Hollywood Confidential's Jeff Well's review of CTHD

Spirit and the Sword
by Jeff Wells

Ang Lee's Crouching Tiger, Hidden Dragon is a knockout: vivid, high-flying, exhilarating. Set in China during the Ching dynasty, it's a combination action-fantasy and spiritual parable.

The numerous sword-fight sequences are mind-blowing, inevitably reminiscent of the action scenes in The Matrix in view of the initially startling fact that the combatants — devotees of a spiritual discipline called "the Green Dragon" — fly around and climb walls like Keanu Reeves and his brethren did in last year's Warner Bros. release. Clearly, Ang Lee has upped the ante in the martial arts genre in ways too numerous and dazzling to recount.

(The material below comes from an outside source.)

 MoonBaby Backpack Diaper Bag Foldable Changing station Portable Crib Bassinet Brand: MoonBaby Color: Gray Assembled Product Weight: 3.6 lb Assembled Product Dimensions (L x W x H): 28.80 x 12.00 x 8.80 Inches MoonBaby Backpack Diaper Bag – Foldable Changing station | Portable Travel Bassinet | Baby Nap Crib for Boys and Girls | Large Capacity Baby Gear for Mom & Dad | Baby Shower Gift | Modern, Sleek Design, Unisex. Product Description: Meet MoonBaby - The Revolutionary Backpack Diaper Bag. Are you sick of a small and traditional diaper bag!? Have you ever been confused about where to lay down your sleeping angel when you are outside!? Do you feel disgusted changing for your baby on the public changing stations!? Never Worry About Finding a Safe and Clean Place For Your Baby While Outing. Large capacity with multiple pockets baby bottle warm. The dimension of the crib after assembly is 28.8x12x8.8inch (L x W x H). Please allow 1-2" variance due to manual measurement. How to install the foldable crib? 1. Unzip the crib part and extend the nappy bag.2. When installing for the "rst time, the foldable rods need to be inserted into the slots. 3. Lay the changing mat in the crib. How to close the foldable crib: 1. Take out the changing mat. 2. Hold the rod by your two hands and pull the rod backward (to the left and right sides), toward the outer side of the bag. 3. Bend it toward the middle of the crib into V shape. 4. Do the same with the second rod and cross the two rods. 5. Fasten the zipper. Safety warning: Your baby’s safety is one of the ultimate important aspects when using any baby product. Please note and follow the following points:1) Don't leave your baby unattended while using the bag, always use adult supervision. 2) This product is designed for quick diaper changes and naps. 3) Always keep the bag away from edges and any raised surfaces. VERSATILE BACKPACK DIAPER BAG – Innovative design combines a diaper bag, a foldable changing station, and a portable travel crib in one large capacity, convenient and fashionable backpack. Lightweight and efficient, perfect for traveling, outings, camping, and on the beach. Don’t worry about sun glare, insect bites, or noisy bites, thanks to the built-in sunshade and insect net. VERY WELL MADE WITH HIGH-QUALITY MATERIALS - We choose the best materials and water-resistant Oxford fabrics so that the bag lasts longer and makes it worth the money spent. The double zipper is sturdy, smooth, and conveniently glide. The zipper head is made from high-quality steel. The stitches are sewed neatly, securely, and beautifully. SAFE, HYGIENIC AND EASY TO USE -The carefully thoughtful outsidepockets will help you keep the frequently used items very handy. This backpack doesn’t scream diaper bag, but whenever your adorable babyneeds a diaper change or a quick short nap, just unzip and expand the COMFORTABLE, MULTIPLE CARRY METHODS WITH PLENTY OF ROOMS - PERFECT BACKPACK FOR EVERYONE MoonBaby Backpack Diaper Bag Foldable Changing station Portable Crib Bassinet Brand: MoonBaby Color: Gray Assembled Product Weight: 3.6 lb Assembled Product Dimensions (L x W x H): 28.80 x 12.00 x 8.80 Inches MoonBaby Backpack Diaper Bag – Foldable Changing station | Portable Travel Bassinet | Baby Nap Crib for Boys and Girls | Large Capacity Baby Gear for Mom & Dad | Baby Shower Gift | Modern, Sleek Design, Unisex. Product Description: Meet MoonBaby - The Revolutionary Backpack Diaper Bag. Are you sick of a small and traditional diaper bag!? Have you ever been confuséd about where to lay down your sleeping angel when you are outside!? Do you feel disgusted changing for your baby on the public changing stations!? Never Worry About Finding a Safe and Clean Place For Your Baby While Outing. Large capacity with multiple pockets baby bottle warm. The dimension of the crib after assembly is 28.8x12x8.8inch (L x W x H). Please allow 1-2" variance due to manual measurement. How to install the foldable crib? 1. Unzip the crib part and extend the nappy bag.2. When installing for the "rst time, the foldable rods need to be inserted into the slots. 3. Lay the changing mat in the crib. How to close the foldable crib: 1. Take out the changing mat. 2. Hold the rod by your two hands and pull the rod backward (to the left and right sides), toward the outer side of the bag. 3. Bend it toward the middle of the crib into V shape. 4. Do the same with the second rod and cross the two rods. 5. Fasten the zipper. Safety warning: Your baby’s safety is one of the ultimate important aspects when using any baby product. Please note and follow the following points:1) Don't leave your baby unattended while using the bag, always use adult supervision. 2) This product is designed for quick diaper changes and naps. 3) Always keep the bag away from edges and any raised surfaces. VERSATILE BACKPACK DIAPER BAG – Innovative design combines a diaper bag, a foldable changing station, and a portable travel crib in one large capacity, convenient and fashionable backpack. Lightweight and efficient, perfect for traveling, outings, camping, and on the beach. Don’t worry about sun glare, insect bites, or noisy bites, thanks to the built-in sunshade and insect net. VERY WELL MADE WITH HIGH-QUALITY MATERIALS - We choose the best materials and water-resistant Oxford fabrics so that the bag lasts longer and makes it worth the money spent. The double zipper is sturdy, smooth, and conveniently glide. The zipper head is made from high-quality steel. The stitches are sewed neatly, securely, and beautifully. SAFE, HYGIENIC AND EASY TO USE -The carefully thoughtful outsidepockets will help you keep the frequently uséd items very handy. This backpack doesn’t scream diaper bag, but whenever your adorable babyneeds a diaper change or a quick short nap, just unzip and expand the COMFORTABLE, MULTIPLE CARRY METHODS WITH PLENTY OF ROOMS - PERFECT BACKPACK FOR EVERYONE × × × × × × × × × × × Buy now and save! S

Chow Yun-Fat (Anna and the King), Michelle Yeoh, and Zi Yi Zhang play the leads, although Chow takes a back seat to the women in the action category. Crouching Tiger, Hidden Dragon has a "villain" — a female outlaw called Jade Fox (Pei Pei Cheng) — but the story isn't about whipping the bad guys as much as defeating the impure and unfocused elements within our souls.

The plot is … well, I'm not all that sure what the plot is, frankly. I just came from the screening and my head is spinning. It's about an ancient sword, a pair of warrior women (Yeoh, Zhang), a master of the Green Dragon (Chow) with whom Yeoh is secretly in love, a desert outlaw who's in love with Zhang, and … a lot of sword fights. Action fans will want to sit out the dialogue scenes and just wait for the whop-bop. There's plenty of it.

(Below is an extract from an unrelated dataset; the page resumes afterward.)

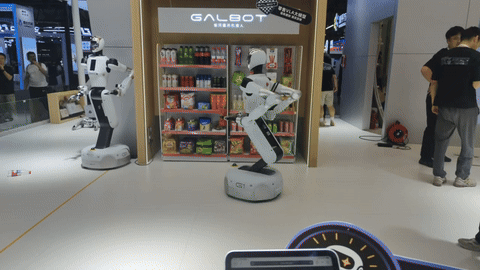 银河通用搭载零售 VLA 模型的轮式人形机器人可以充当店员,顾客在平板上挑选商品后,它会从货架上选出对应的商品放在桌子上。

I missed the Ang Lee luncheon held today in front of the Carlton hotel. But I ran into the director yesterday just after a luncheon for Brazilian film Me, Us, Them.

Or rather, Falco Ink publicist Jeff Hill ran into him, and I was tagging along. Jeff excitedly told his client that reactions to Crouching Tiger were through the roof, and that he'd lined up two major interviews, one with Los Angeles Times critic "Kenny" Turan, the other with Time's Jeff Ressner.

Ang Lee squinted and asked, "Kenny? Is that the Kenny who hated my film?" "Yes," said Hill, "but he likes this one — trust me."